No disrespect meant to anybody nor jabs meant. However there is only thing that will fix problems like roll over accidents and so forth. That is experience. You can watch videos and read books and look at brochures forever but sitting in the seat and operating the controls is what makes an operator. I have seen experienced operators operate equipment and put it in places and do things with it on a daily basis with no problems that the engineers that write the manuals say it won't do. I have also seen operators that did less Not know the machinery that would destroy the equipment and themselves on level ground with nothing to cause a problem. It is more of a knowing knowledge than a learning knowledge if that makes sense. Some might say a heart knowledge that is only gained by doing over and over.

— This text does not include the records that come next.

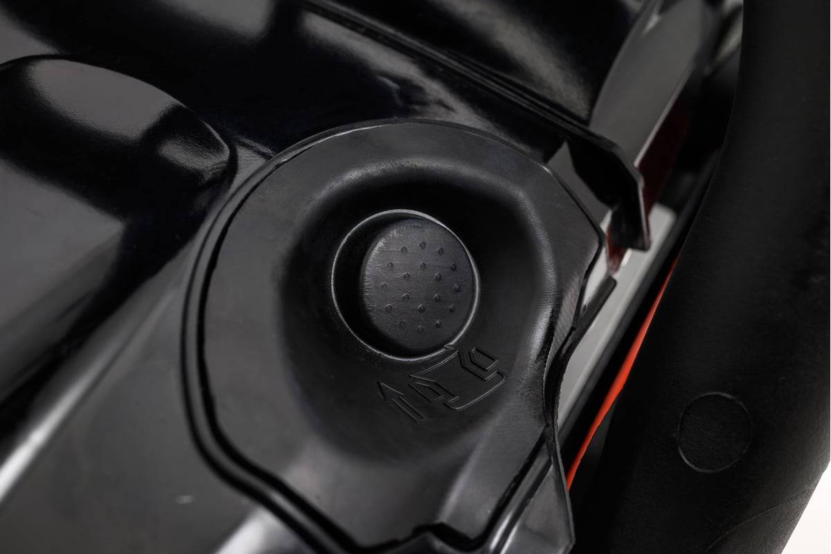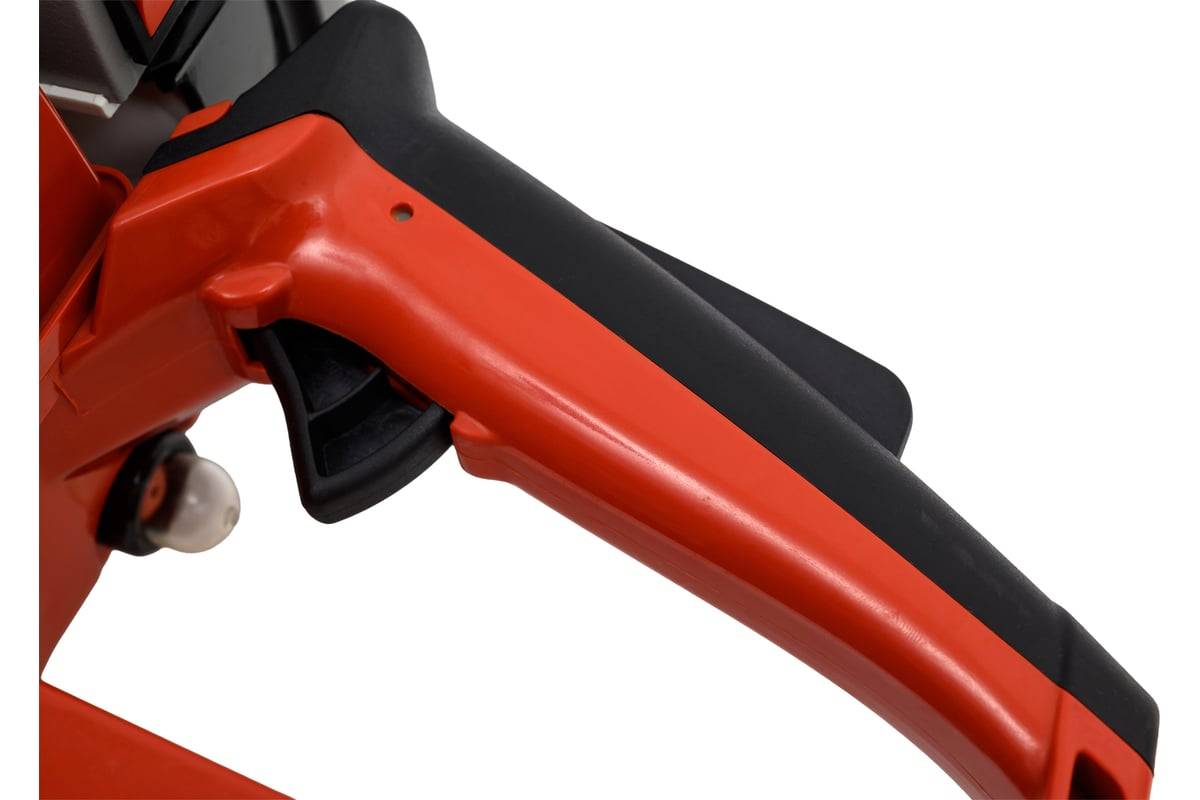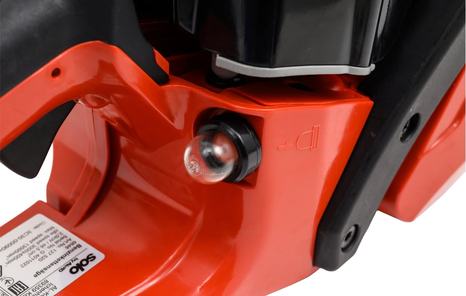 Пильная цепь оснащена боковым натяжителем цепи - это позволяет произвести настройку цепи без использования дополнительных инструментов. Модель очень проста и безопасна в использование.
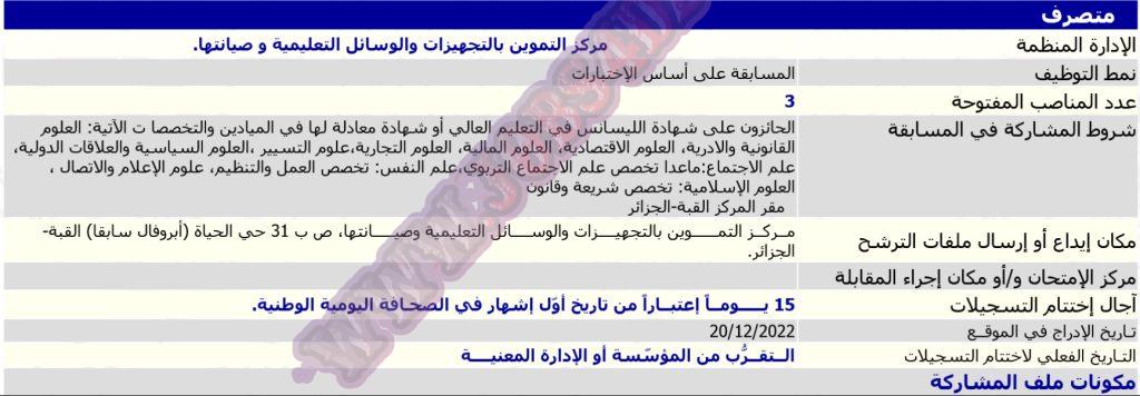 يعلن مركز التموين بالتجهيزات والوسائل التعليمية و صيانتها عن فتح مسابقة توظيف في الرتب المبينة ادناه
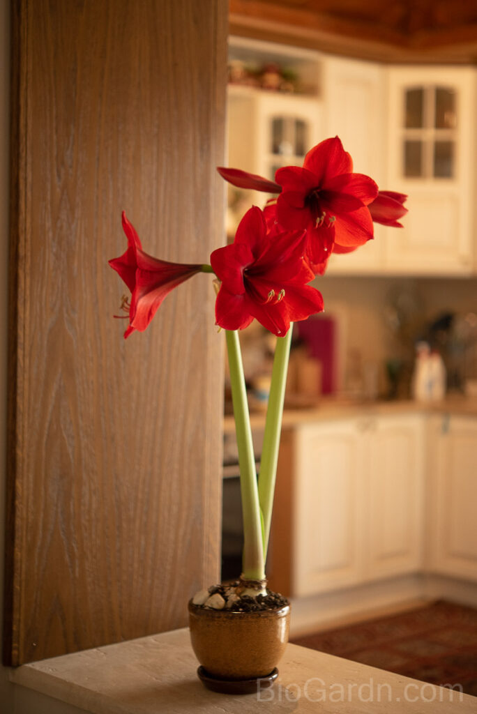 Амарилисите са вълшебно празнично цвете! Могат да бъдат част от жива коледна декорация, ако засадим луковицата 4 седмици преди Коледа. Тези големи, жилави луковици не само се отглеждат лесно, но и произвеждат ефектни цветове в червени, розови, оранжеви и бели нюанси, които цъфтят седмици на закрито. За съжаление, след цъфтежа някои смятат луковицата за непотребна и я изхвърлят.
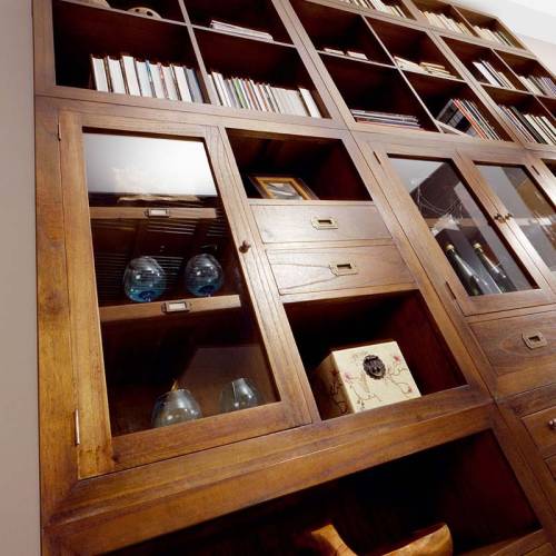 Laissez-vous tenter par ce meuble original composé de 14 tiroirs, ornés de poignées en laiton vieilli. Vous apprécierez le style original de cet éléments bibliothèque modulable Tali.
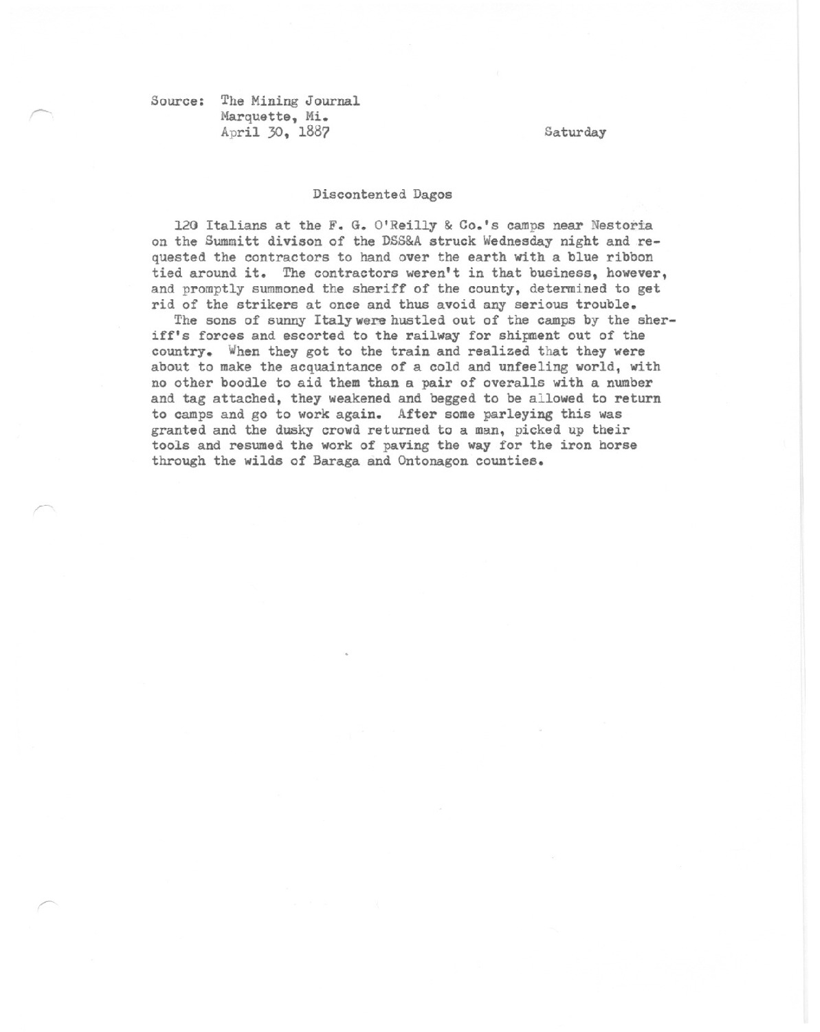 120 Italians at the F. G. O'Reilly & Co's camps near Nestoria on the Summitt division of the DSS&A struck Wednesday night and requested the contractors to hand over the earth with a blue ribbon tied around it. The contractors were'nt in that business, however,and promptly summoned the sheriff of the county, determined to get ride of the strikers at once and thus avoid any serious trouble. The sons of sunny Italy were hustled out of the camps by the sheriffs forces and escorted to the railway for shipment out of the country. When they got to the train and realized that they were about to make the acquaintance of a cold and unfeeling world, with no other doooble to aid them than a pair of overalls with a number and tag attached, they weakened and begged to be allowed to return to camps and go to work again.
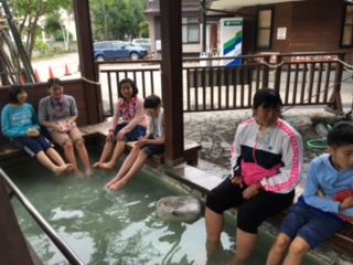 源泉の次は、足湯に浸かりました。やや熱めの湯にじっくり足を漬けて、ハイキングの疲れを取りました。
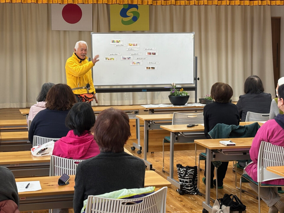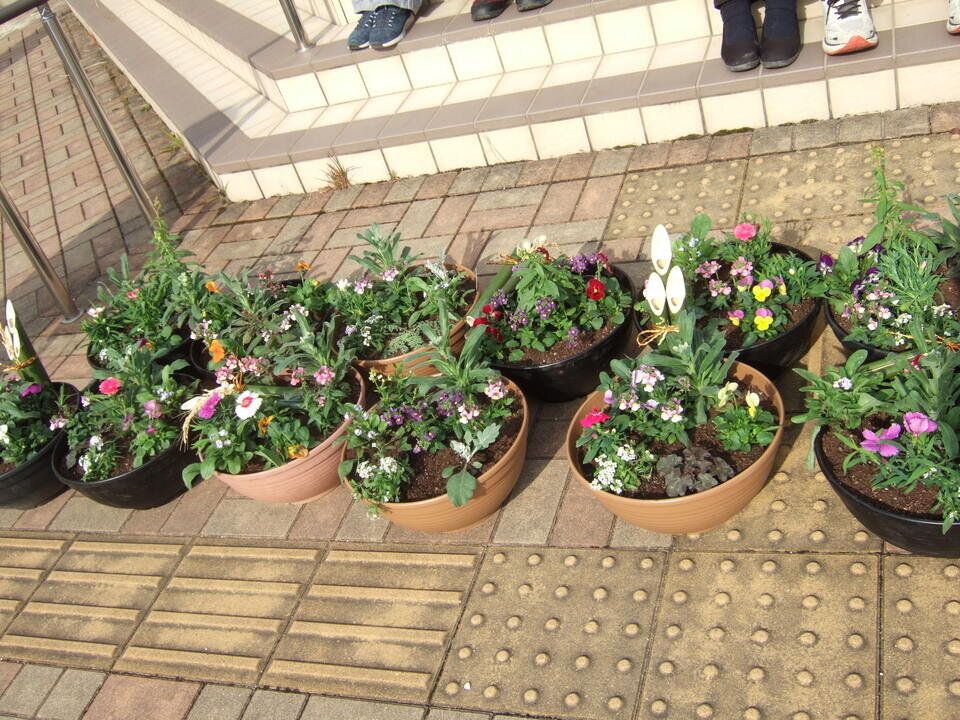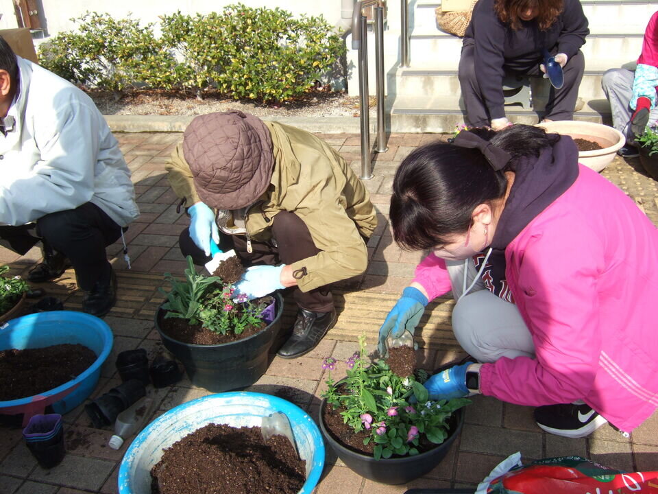 中川達也さん(佐賀市みどりのカウンセラー)を招き、寄植えの講義と実習を行いました。講義では、毒性のある植物についての話は参加者も興味があり、「小さい頃にあったよ」「身近にもあるんだぁ」などの声が上がっていました。また、寄植えのポイントや色の組み合わせ、門松に使う竹の向きについての話を聞いて、どんな寄植えにしようかなぁとイメージをわかせていました。実習では、イメージした色や配置を考えながら苗を選び、それぞれに素敵な寄植えを完成させました。

I remember when I was a kid I would go to the woods with my grandfather. In those days they hurled pulp wood in 6' lengths stacked crosswise on a truck. They drove the trucks in the woods and loaded them and drove them out. There were some older men in the crew that would walk the ground where the trucks were going in. They had a kind of bouncy way that they walked. When they would hit a certain place they would mark it. They could tell you immediately when they walked across it whether or not a loaded truck would go across it without sinking. They could tell you how much wood could be put on the truck and it still come out. They just knew because they had done it so much.
That is the way with operating most any equipment in less than desirable conditions. It takes experience. Sadly today we try to legislate safety instead of learning the equipment.
Anybody that operates equipment has to put it in marginal places at times. At the end of the day knowing the machine and what it will and won't do is what will bring you home alive.
We all want to be as safe as we possibly can.